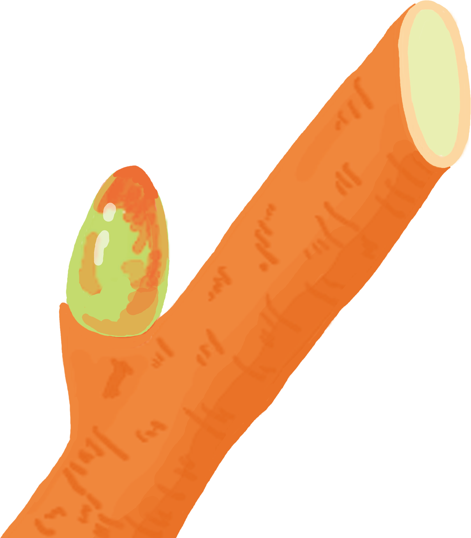 芽から下に深く切りすぎると、切り口が乾燥して芽が枯れやすい。
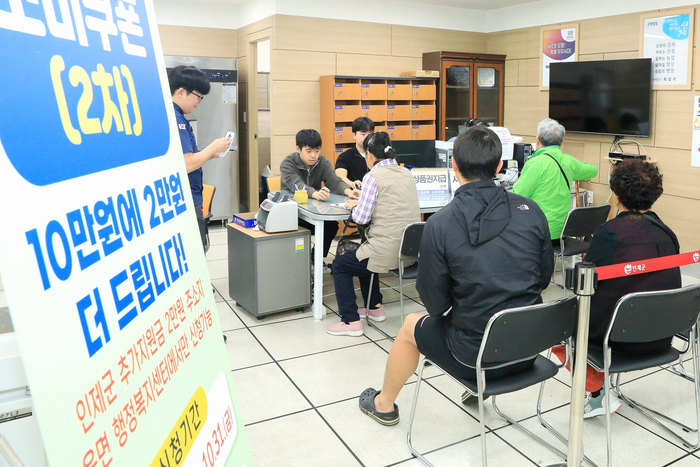 [스포츠서울ㅣ김기원기자]인제군이 2차 민생회복 소비쿠폰 지급을 시작한지 일주일 만에 전체 지급률 58%를 기록했다.
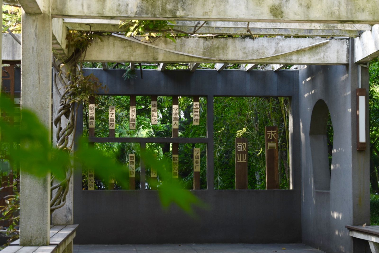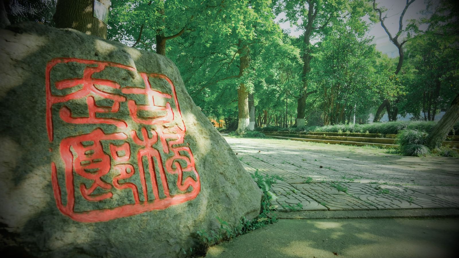 厚厚的枝條爭相蔓延在老校印記,陽光從樹枝間篩下,地上光影斑斕,這是初夏的訊息;漫步古楓走廊,郁郁蔥蔥的樹木靜靜佇立,陽光灑落,樹葉染上一層翠綠宛如新生,滿眼生機。
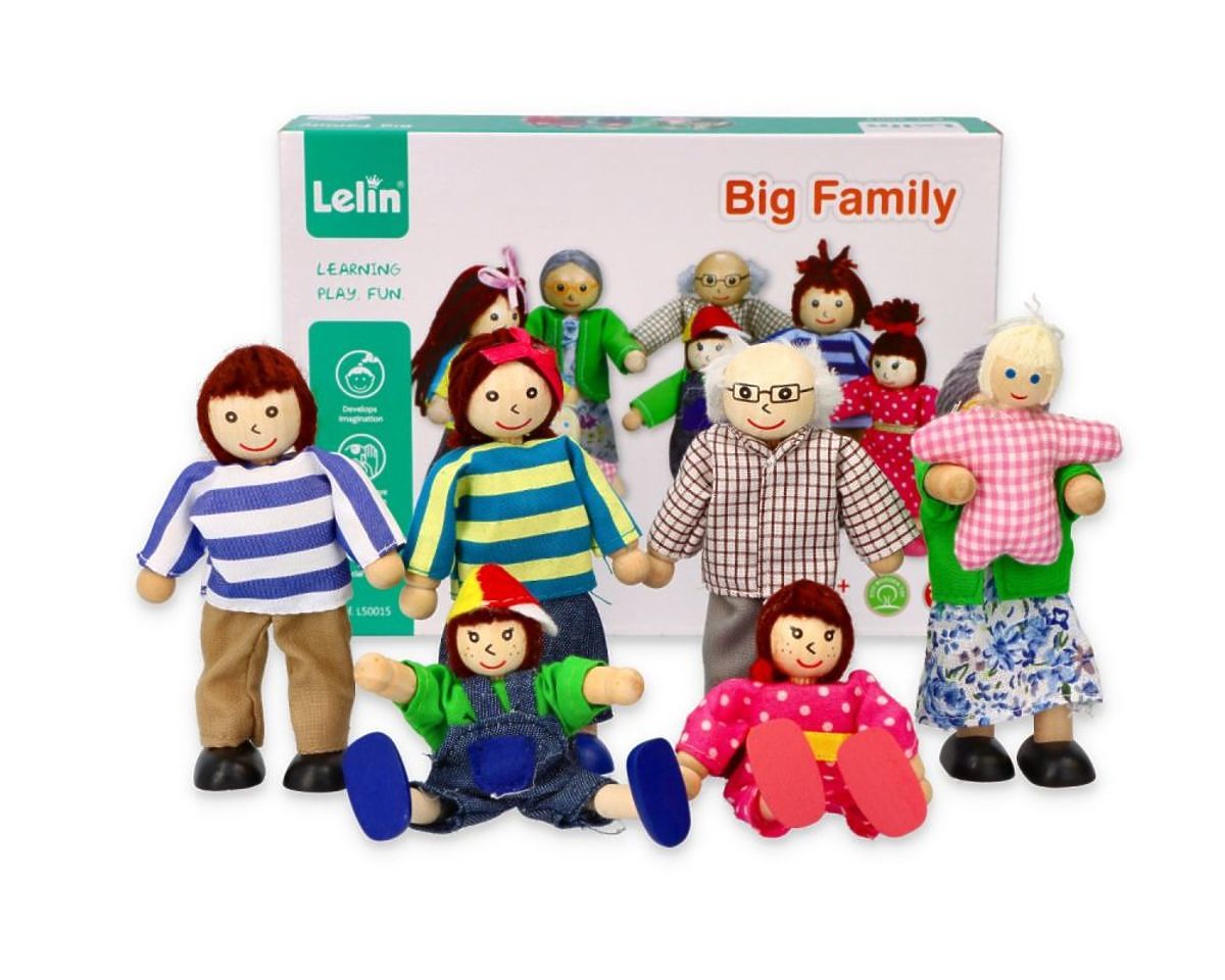 Veselá dřevěná rodinka bude skvělým doplňkem do domečku pro panenky a k sadám malého nábytku z naší nabídky. V sadě najdete rodiče, prarodiče a tři děti.
● ● ● ●
What is required:
Leave the pictures out, and reproduce only the lines from the line holding "厚厚的枝條爭相蔓延在老校印記" through the last line of the material, both included.

Solution:
 厚厚的枝條爭相蔓延在老校印記,陽光從樹枝間篩下,地上光影斑斕,這是初夏的訊息;漫步古楓走廊,郁郁蔥蔥的樹木靜靜佇立,陽光灑落,樹葉染上一層翠綠宛如新生,滿眼生機。
 Veselá dřevěná rodinka bude skvělým doplňkem do domečku pro panenky a k sadám malého nábytku z naší nabídky. V sadě najdete rodiče, prarodiče a tři děti.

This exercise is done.